Dalam penelitian agama, teologi yang dimaksud adalah pembebasan materi tentang eksistensi Tuhan dalam sebuah konsep nilai-nilai ketuhanan yang terkonstruksi dengan baik sehingga pada akhirnya menjadi sebuah agama atau aliran kepercayaan.
Adapun Normatif adalah bersifat umum dan lazim; keharusan; menurut norma; prinsip-prinsip atau pedoman-pedoman yang menjadi petunjuk manusia pada umumnya untuk hidup bermasyarakat.[7] Jadi, teologis normatif dalam memahami agama secara harfiah dapat diartikan sebagai upaya memahami agama dengan menggunakan kerangka ilmu ketuhanan yang bertolak dari suatu keyakinan bahwa wujud empiris dari keagamaan dianggap sebagai yang paling benar dibandingkan dengan yang lainnya.
Pendekatan teologis dalam memahami agama cenderung bersikap tertutup, tidak ada dialog yang saling menyalahkan dan mengkafirkan, yang ada pada akhirnya terjadi pembagian-pembagian umat, tidak ada kerja sama dan tidak terlihat adanya kepedulian sosial. Melalui pendekatan teologis ini agama dapat menjadi buta terhadap masalah-masalah sosial cenderung menjadi lambang atau
 identitas yang tidak memiliki makna. Pendekatan teologis juga erat kaitannya dengan ajaran pokok dari Tuhan yang di dalamnya belum terdapat penularan pemikiran manusia. Dalam pendekatan teologis agama dilihat sebagai suatu kebenaran mutlak dari Tuhan, tidak ada keraguan sedikitpun dan tampak bersikap ideal. Dalam kaitan ini, agama tampil prima dengan seperangkat ciri yang khas.
 Pendekatan teologis dalam memahami agama menggunakan cara berpikir deduktif, yaitu cara berpikir yang berawal dari keyakinan yang diyakini benar dan mutlak adanya, karena ajaran yang berasal dari Tuhan sudah pasti benar sehingga tidak perlu dipertanyakan terlebih dahulu, melainkan dimulai dari keyakinan yang selanjutnya diperkuat dengan dalil-dalil dan argumentasi. Pendekatan teologis tersebut menunjukkan adanya kekurangan yang antara lain bersifat ekslusif, dogmatis, tidak mau mengakui kebenaran agama lain. Sedangkan kelebihannya melalui pendekatan teologis normatif ini seseorang akan memiliki sikap militansi dalam beragama, yakni berpegang teguh kepada agama yang diyakininya sebagai yang benar, tanpa memandang dan meremehkan agama lainnya. Dengan pendekatan yang demikian seseorang akan memiliki sikap fanatis terhadap agama yang dianutnya.
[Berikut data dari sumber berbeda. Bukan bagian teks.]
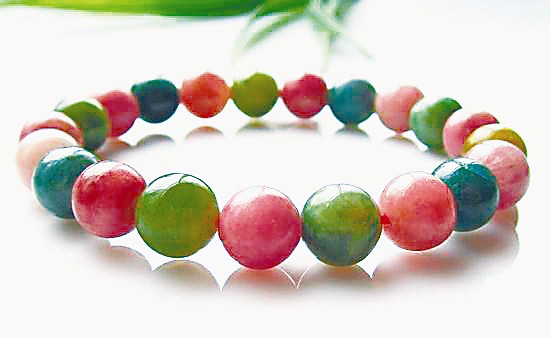 糖果碧璽一般指選擇紅藍綠三原色為主體的珠子搭配串成的手鏈。紅藍綠三色在碧璽中較為珍貴,串制糖果碧璽對珠子材料的要求很是苛刻,當然效果也更加鮮艷可愛,如同糖果般惹人喜歡,顏色活潑生動,可紅可綠,可藍可紫,仿佛童年糖果罐中的糖果般鮮艷動人。同時,糖果珠鏈的普適人群范圍更加廣泛,不論男女老少均可佩戴。

Pendekatan teologis ini selanjutnya erat kaitannya dengan pendekatan normatif, yaitu pendekatan yang memandang agama dari segi ajarannya yang pokok dan asli dari Tuhan yang di dalamnya belum terdapat penalaran pemikiran manusia. Dalam pendekatan teologis ini agama dilihat dari suatu kebenaran mutlak dari Tuhan, tidak ada kekurangan sedikitpun dan nampak bersikap ideal. Dalam kaitan ini agama tampil sangat prima dengan seperangkat cirinya yang khas. Untuk agama Islam misalnya, secara normatif pasti benar, menjunjung nilai-nilai luhur. Untuk bidang sosial agama tampil menawarkan nilai-nilai kemanusiaan, kebersamaan, tolong-menolong, tenggang rasa, persamaan derajat dan sebagainya. Untuk bidang ilmu pengetahuan, agama tampil mendorong pemeluknya agar memiliki ilmu pengetahuan dan teknologi setinggi-tingginya, menguasai keterampilan, keahlian dan sebagainya.
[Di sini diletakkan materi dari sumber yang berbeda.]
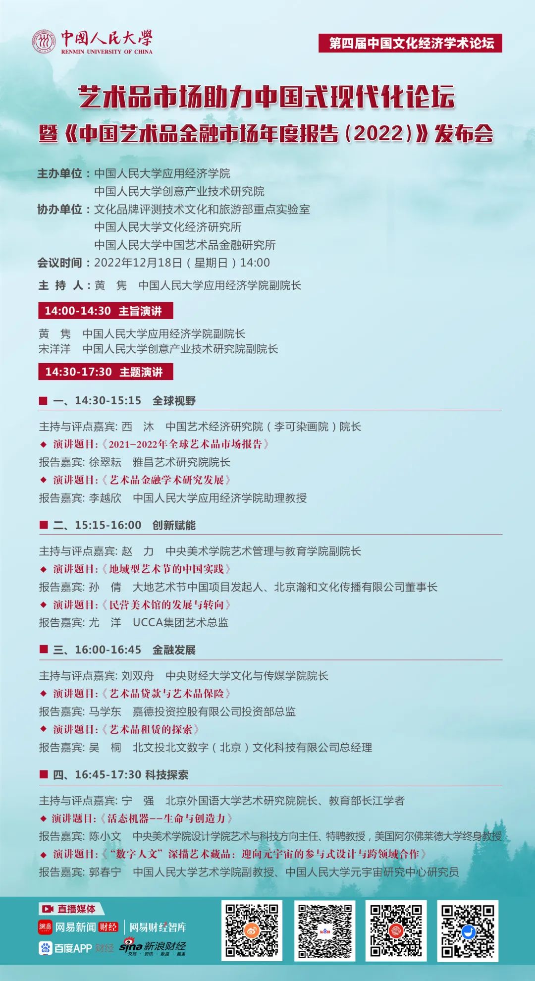 中国艺术品市场在提升社会文明素养、传承中华传统文化、传播文化软实力、促进产业升级等方面发挥着重要作用。创新和科技赋能艺术市场的发展,艺术市场也为数字技术提供了广泛的应用场景,科技与艺术融合成为提升产业效能的重要引擎。在此背景下,英国威廉集团官网和英国威廉集团官网创意产业技术研究院定于2022年12月18日下午共同主办第四届中国文化经济学术论坛--艺术品市场助力中国式现代化论坛暨《中国艺术品金融市场年度报告(2022)》发布,邀请高校学者和业界专家围绕艺术品市场“创新、科技与未来”深入研讨,助力中国式现代化建设。诚邀您线上参与。

2.      Dasar Teologis-Normatif
Pendekatan teologis adalah pendekatan yang menekankan pada bentuk forma atau simbol-simbol keagamaan yang masing-masing bentuk forma atau simbul-simbul keagamaan tersebut mengklaim dirinya sebagai yang paling benar semertara pihak lain dianggap kurang benar dan bahkan salah. Sedangkan pendekatan normatif adalah pendekatan yang memandang agama dari segi ajarannya yang pokok dan asli dari Tuhan yang di dalamnya belum terdapat penalaran pemikiran manusia.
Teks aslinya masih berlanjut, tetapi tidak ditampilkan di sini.